A stone is thrown vertically upward from outside a window, with an initial velocity of 24.0 m/s. It moves up, and then down to the ground 420 m below the point where it started. Let `up' be positive.

(a) What is the maximum height above the window to which the stone rises?
________m.

(b) How long is the rock in the air before it reaches the ground?
________ s.

(c) What is its velocity just before it hits the ground?
_______ m/s.

To solve this problem, we can use the equations of motion for vertical motion.

(a) To find the maximum height above the window, we can use the following equation:

v^2 = u^2 + 2as

where v is the final velocity, u is the initial velocity, a is the acceleration, and s is the displacement.

In this case, the stone is thrown vertically upward, so the initial velocity (u) is +24.0 m/s and the final velocity (v) is 0 m/s at the highest point where the stone changes direction. The acceleration (a) is due to gravity and is equal to -9.8 m/s^2 since it acts downward. The displacement (s) is the maximum height above the window, which is what we want to find.

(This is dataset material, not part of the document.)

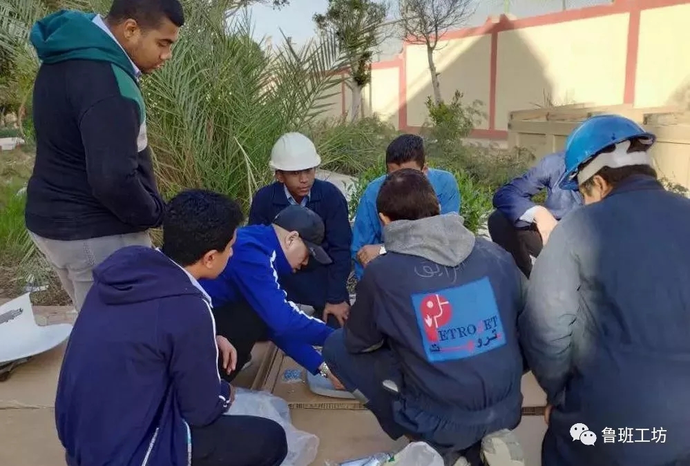 2019年12月下旬,天津轻工职业技术学院、天津交通职业学院专业教师及企业工程师联合团组26人飞赴埃及,受命完成埃及鲁班工坊的设备安装与调试、实训室装饰等任务,同时与埃及教师共同研讨确定鲁班工坊项目初中高级培训大纲及培训课程标准,对埃及鲁班工坊的师生进行现场培训。

Plugging these values into the equation, we have:

0^2 = (24.0)^2 + 2*(-9.8)*s

Simplifying the equation, we get:

0 = 576 - 19.6s

19.6s = 576

s = 576 / 19.6

s ≈ 29.4 m

Therefore, the maximum height above the window to which the stone rises is approximately 29.4 meters.

(b) To find the time it takes for the rock to reach the ground, we can use the following equation:

v = u + at

where v is the final velocity, u is the initial velocity, a is the acceleration, and t is the time.

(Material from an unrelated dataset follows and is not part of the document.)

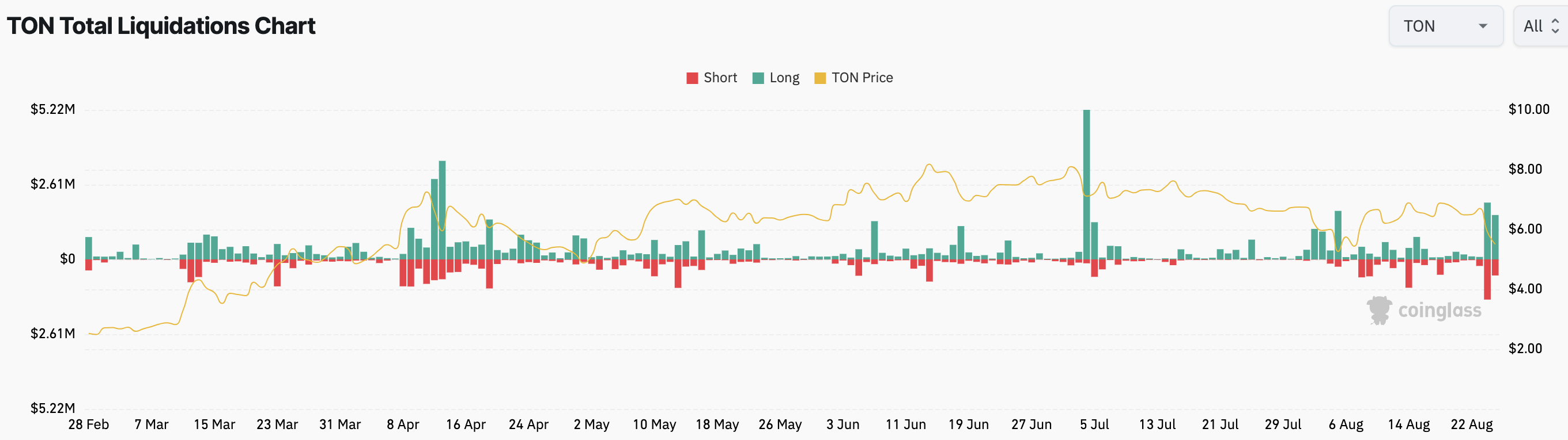 Det er viktig å merke seg at likvidasjoner, sammen med stigende OI, kan påvirke prisutviklingen. Gitt økningen i åpen interesse sammen med betydelige lange likvidasjoner, kan TONs pris oppleve ytterligere nedgang før en eventuell oppgang.

Again, since the stone is thrown vertically upward, the initial velocity (u) is +24.0 m/s and the final velocity (v) is -24.0 m/s when it reaches the ground. The acceleration (a) is -9.8 m/s^2. We want to find the time (t) it takes for the stone to reach the ground.

Plugging these values into the equation, we have:

-24.0 = 24.0 + (-9.8)t

-48.0 = -9.8t

t = -48.0 / -9.8

t ≈ 4.9 s

Therefore, the stone is in the air for approximately 4.9 seconds before it reaches the ground.

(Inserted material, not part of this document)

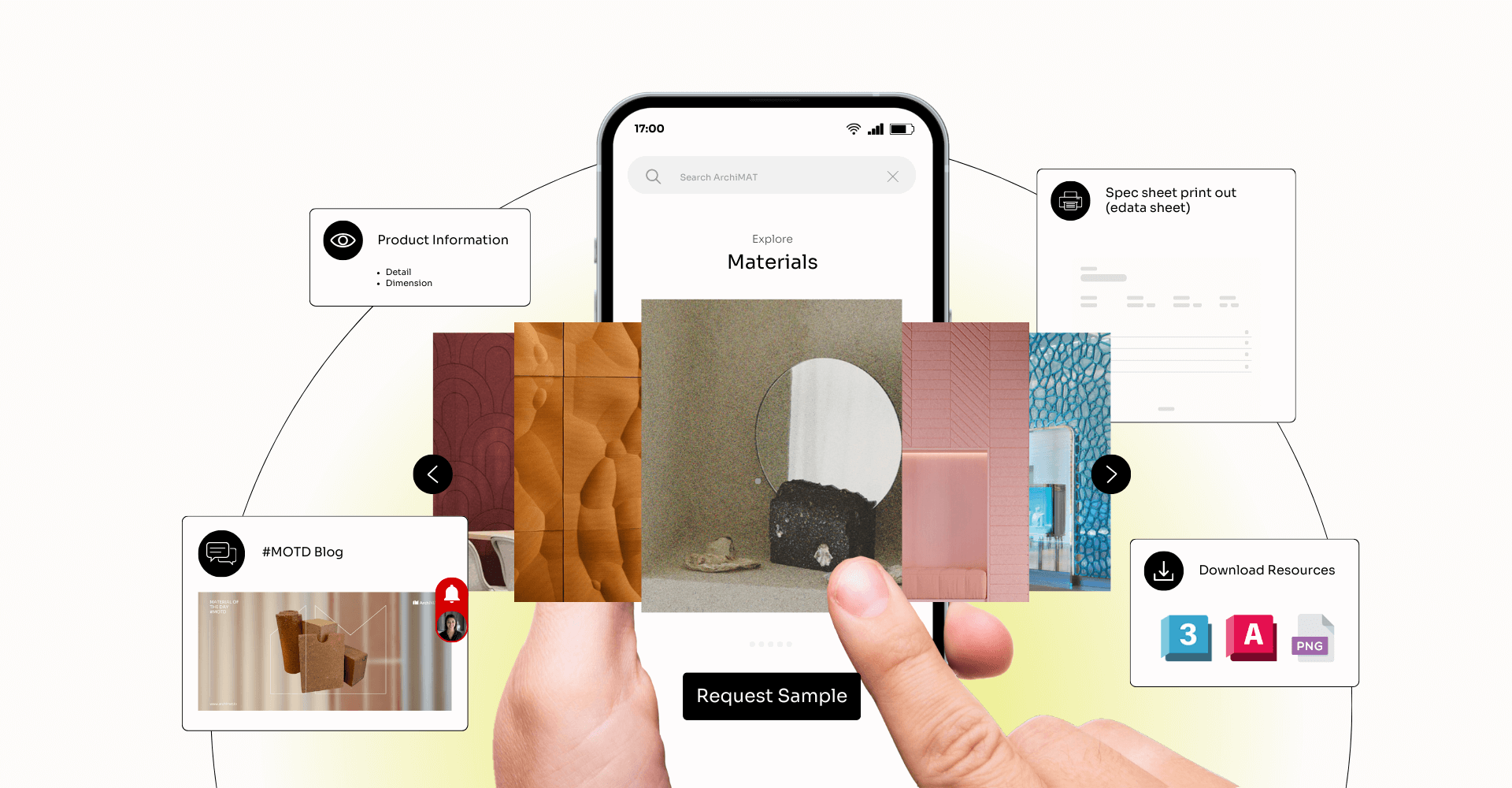 One click to request for sample and contact brand owner directly for your project.

(c) To find the velocity just before the stone hits the ground, we can use the following equation:

v = u + at

Again, since the stone is thrown vertically upward, the initial velocity (u) is +24.0 m/s and the acceleration (a) is -9.8 m/s^2. We want to find the final velocity (v) just before the stone hits the ground.

Plugging these values into the equation, we have:

v = 24.0 + (-9.8)(4.9)

v ≈ -24.0 + (-48.02)

v ≈ -72.0

Therefore, the velocity just before the stone hits the ground is approximately -72.0 m/s. The negative sign indicates that the velocity is directed downward.